SPLG’s largest holdings are some of the U.S.’s largest and most innovative companies, including tech mega-caps like Apple (NASDAQ:AAPL), Microsoft (NASDAQ:MSFT), Amazon (NASDAQ:AMZN), Nvidia (NASDAQ:NVDA), Alphabet (NASDAQ:GOOGL) (NASDAQ:GOOG), Meta Platforms (NASDAQ:META), and Tesla (NASDAQ:TSLA). These are the stocks that comprise the “magnificent seven” that have propelled the markets to new heights in 2023. 

And there is plenty more than just tech here. SPLG’s top 10 holdings are rounded out by Warren Buffett’s investment conglomerate Berkshire Hathaway (NYSE:BRK.B) and health insurance giant UnitedHealth Group (NYSE:UNH). 

These top holdings feature strong Smart Scores across the board. The Smart Score is a proprietary quantitative stock scoring system created by TipRanks. It gives stocks a score from 1 to 10 based on eight market key factors. A score of 8 or above is equivalent to an Outperform rating. The score is data-driven and does not involve any human intervention. Seven of SPLG’s top 10 holdings feature outperform-equivalent Smart Scores of 8 or higher. 

SPLG itself features an Outperform-equivalent Smart Score of 8. 

Just outside the top 10, you’ll find no shortage of familiar, blue-chip names, including healthcare leaders like Johnson & Johnson (NYSE:JNJ), Eli Lilly (NYSE:LLY), Merck (NYSE:MRK), and AbbVie (NYSE:ABBV), consumer staples mainstays like Coca-Cola (NYSE:KO), Pepsico (NASDAQ:PEP) and Procter & Gamble (NYSE:PG), plus household names from the financial sector including JPMorgan Chase (NYSE:JPM), Visa (NYSE:V), and Mastercard (NYSE:MA).

Is SPLG Stock a Buy, According to Analysts? 

Turning to Wall Street, SPLG earns a Moderate Buy consensus rating based on 399 Buys, 97 Holds, and 10 Sell ratings assigned in the past three months. The average SPLG stock price target of $60.34 implies 14.2% upside potential.

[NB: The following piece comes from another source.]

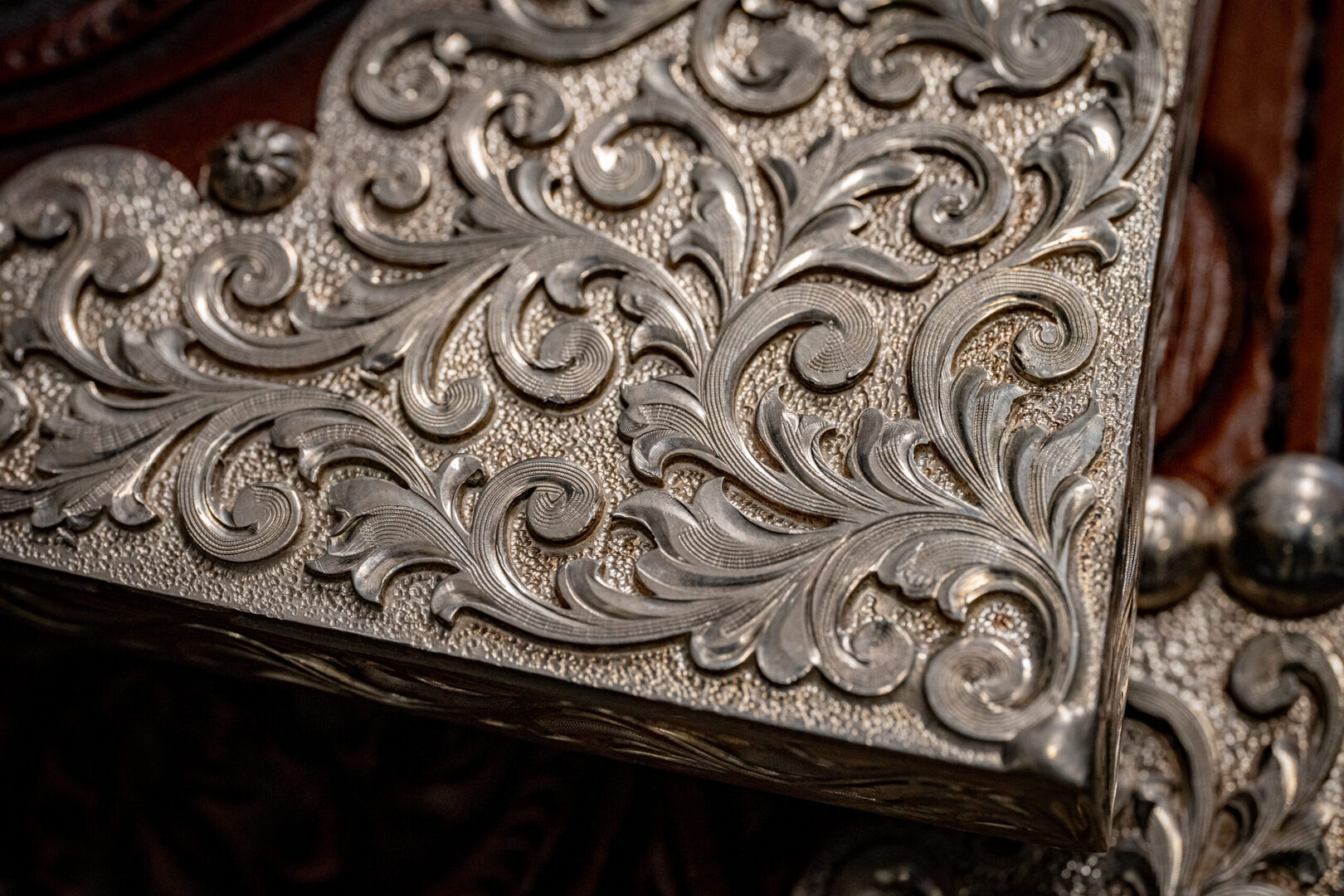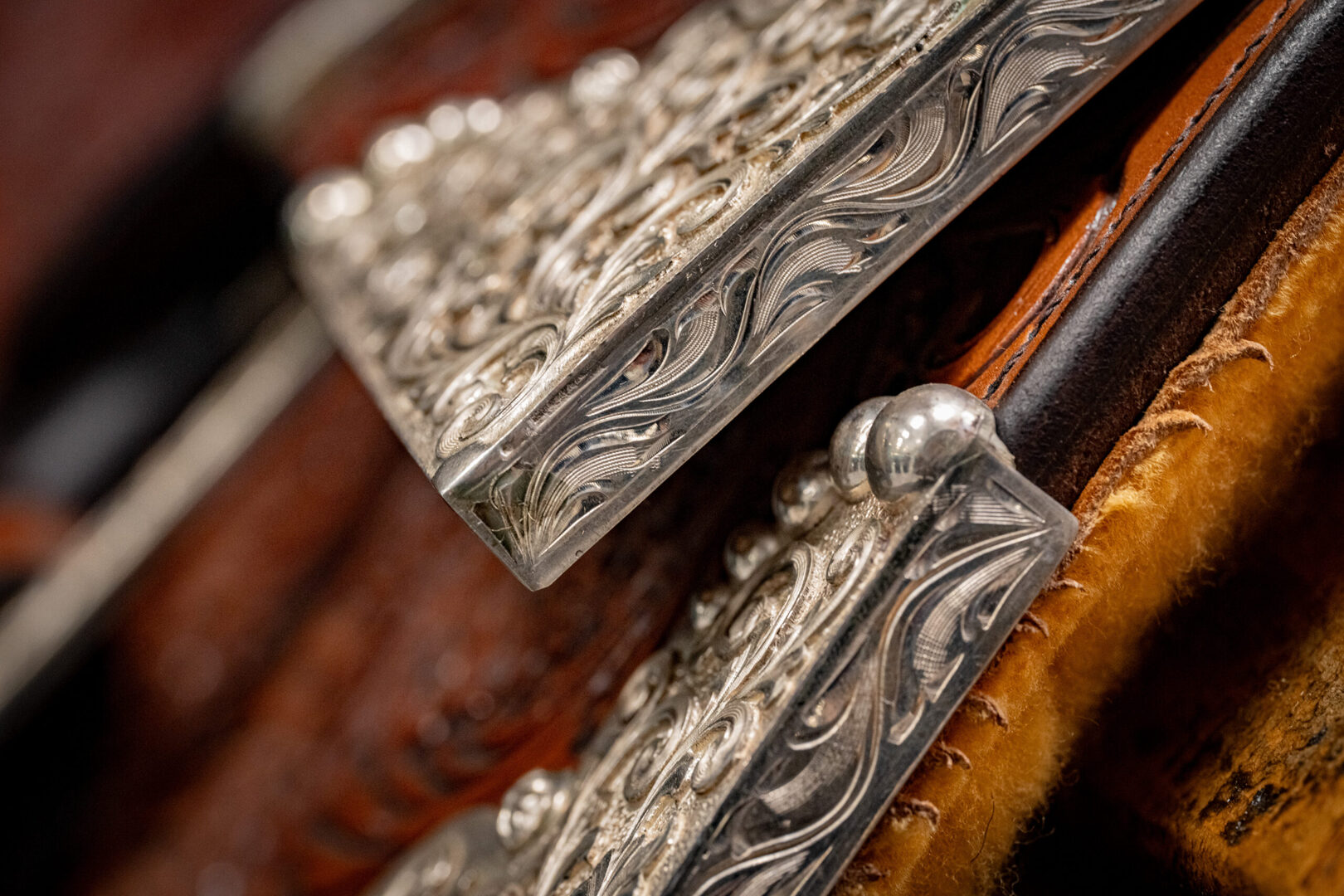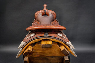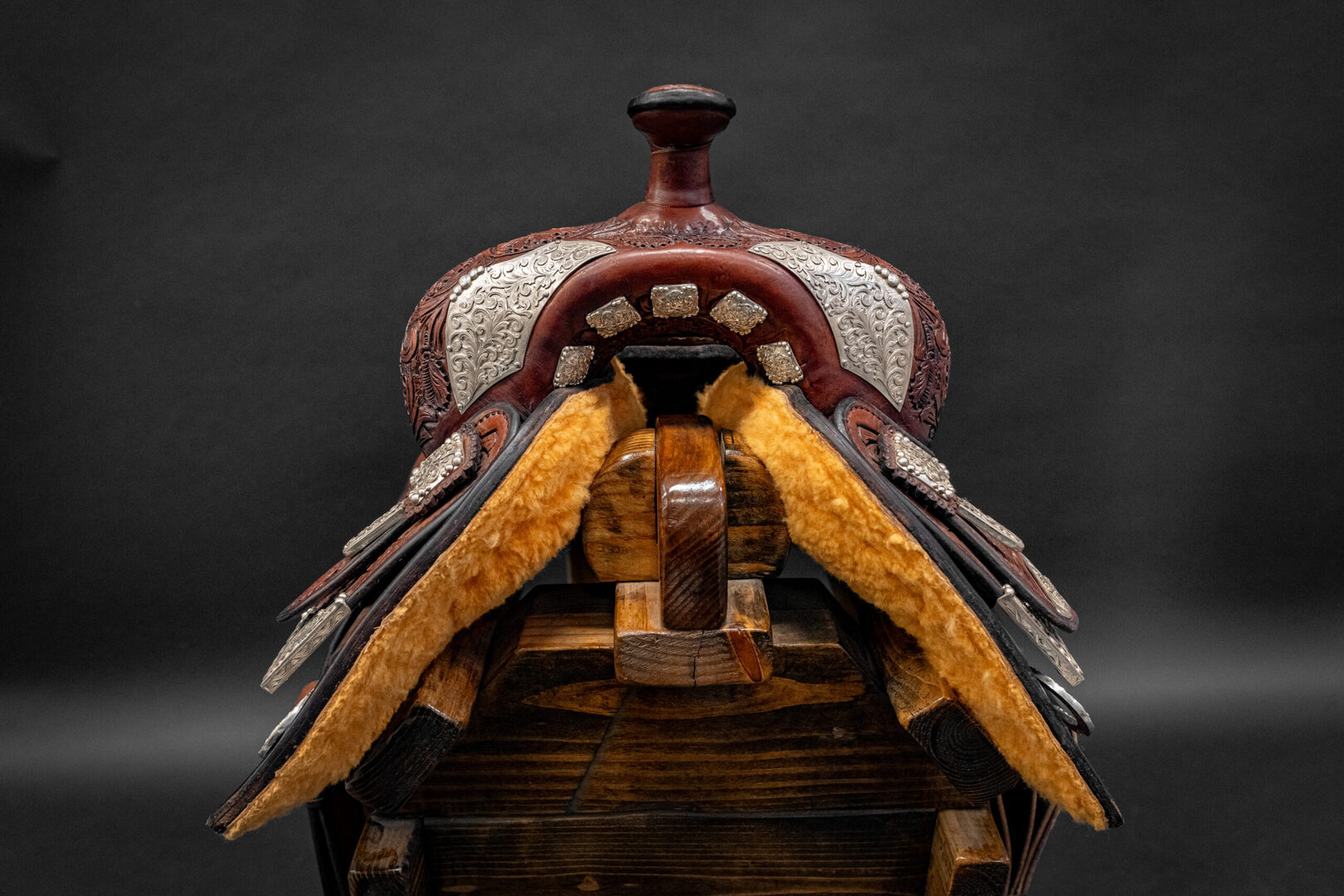View Inventory: https://leonardtrailers.com/inventory/42052 Gabe Hutchins Reining Saddle This Bobs Custom Saddle is built on a 17” AF Tree with a 16.5 inch California Seat. Rear Cinch included Since 1977, Bob’s Custom Saddles are built with the finest trees available; from hand-picked, top-grain hermann oak leather, real sheepskin, and hand-engraved sterling silver or silver overlay. Bob’s hand-tool every saddle, hand-lay every ground seat, hand-stitch every seat, and hand-craft each cantle. Their superior quality, craftsmanship, and performance are a prime choice for premier horsemen around the world. Proudly presented by Leonard Truck & Trailer. **We believe that these specifications to be accurate. Any discrepancies are unintentional. Please verify information with a sales associate prior to purchase.** Stock Number:42052

This Long-Term Winner Continues to Look Attractive 

SPLG’s rock bottom expense ratio of 0.02%, its strong long-term performance, and its diversified portfolio that gives investors exposure to the breadth and depth of the entire S&P 500 make this long-term winner an attractive investment opportunity. There are plenty of more expensive ETFs out there that can’t hold a candle to SPLG’s annualized returns, making this look like a solid building block for investors to build portfolios around.